Bettina Heidecker：We did publish in 2017, when checkpoint inhibitor induced myocarditis started to become a relevant topic in the literature. We did publish in an editorial for Oncotarget,together with my colleague Karina Bruestle, who is now at New York Columbia University,an algorithm on how we suggest patients with checkpoint inhibitor induced treatment, checkpoint inhibitor therapy should be followed.

 We recommend, at baseline, an EKG and echocardiogram—ideally with strain analysis because this is more sensitive in detecting dysfunction than just getting the ejection fraction and troponins—and then repeating this every 2 to 3 weeks. And then if you see signs that the troponins go up, then the patient needs to be evaluated for myocarditis. And one way would be an MRI. If you ever have a suspicion for checkpoint inhibitor induced myocarditis, you should do a biopsy.

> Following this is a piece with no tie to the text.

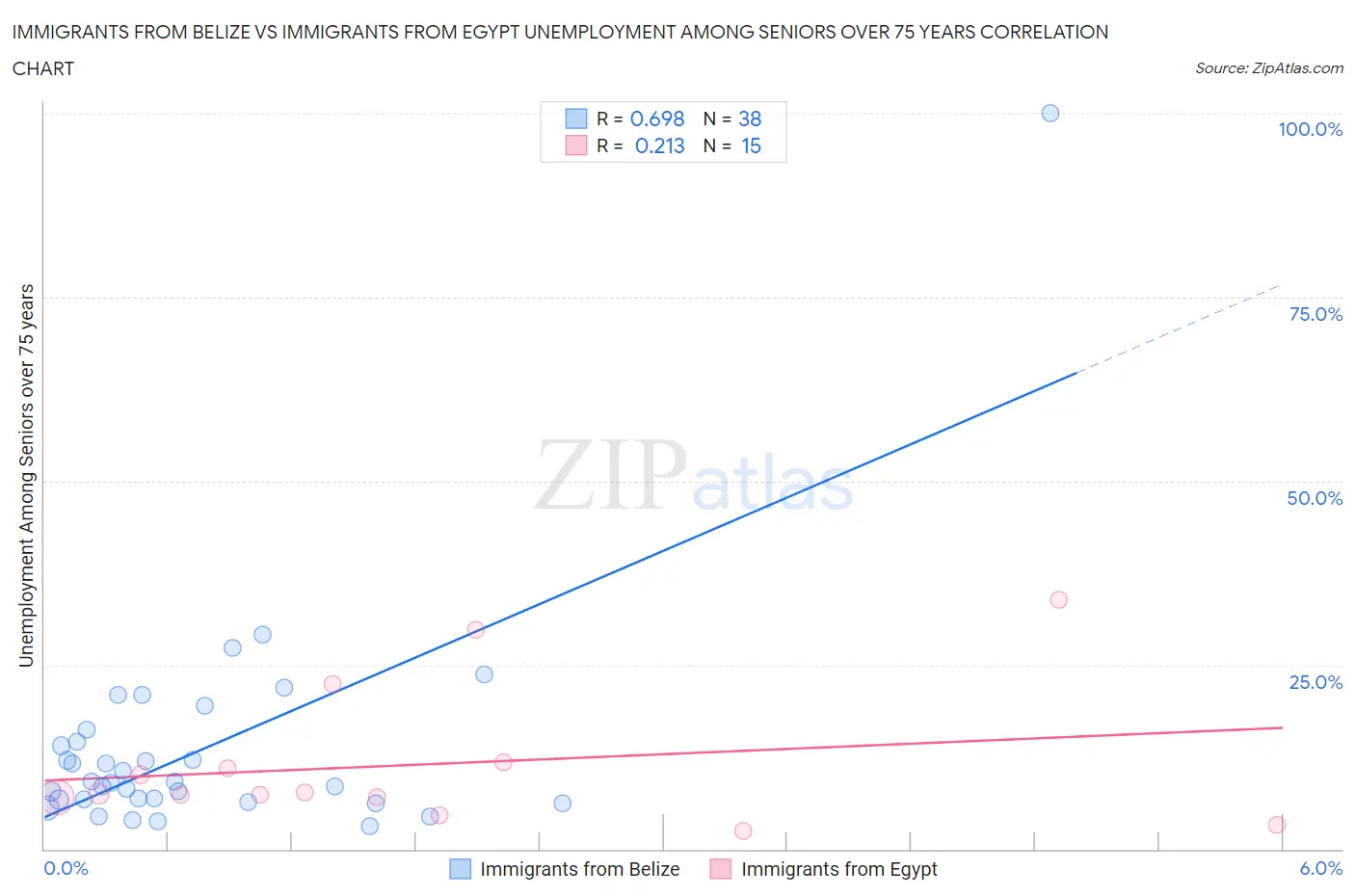 Immigrants from Belize vs Immigrants from Egypt Unemployment Among Seniors over 75 years Correlation Chart

 There's actually a case report from UCLA that was just published, and you see heart failure—which I also presented in my talk at ESMO—where it showed that the biopsy was more sensitive than the MRI, and the findings of myocarditis were only showing up late in the course after the biopsy was already positive. And to manage the adverse immune reactions—already in 2017—we suggested, in the algorithm based on the current case reporting case series, to use steroids. That’s still the main therapy and that's in agreement with the guidelines of the American Society of Oncology and, also, of the American Heart Association.

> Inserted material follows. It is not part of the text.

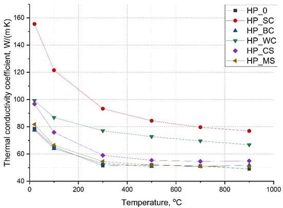 Figure 2 illustrates the relationship between thermal conductivity and temperature measured for all studied composites. The thermal conductivity coefficient was calculated from the thermal diffusivity (α) and apparent density measurements and specific heat (Cp) calculations (Equations (1) and (2)).

International Circulation: In your opinion, what should we do for the primary prevention of cardiovascular disease in cancer patients?

Bettina Heidecker：If a patient undergoes therapy that could be cardiotoxic, they should definitely see a cardiologist beforehand. That’s also now a clear recommendation in the new guidelines of the European Society of Cardiology. They should get a screening with echocardiogram, and again, ideally, with strain analysis. And if there are any signs of cardiomyopathy—even if the ejection fraction is not decreased yet—preventatively, I would recommend giving beta blockers and ACE inhibitors, at least at a low dose if the patient will have cardiotoxic chemotherapy. And then follow up every three months and then work with the oncologist together to see if chemotherapy will have to be reduced if the ejection fraction goes down or strain shows worsening.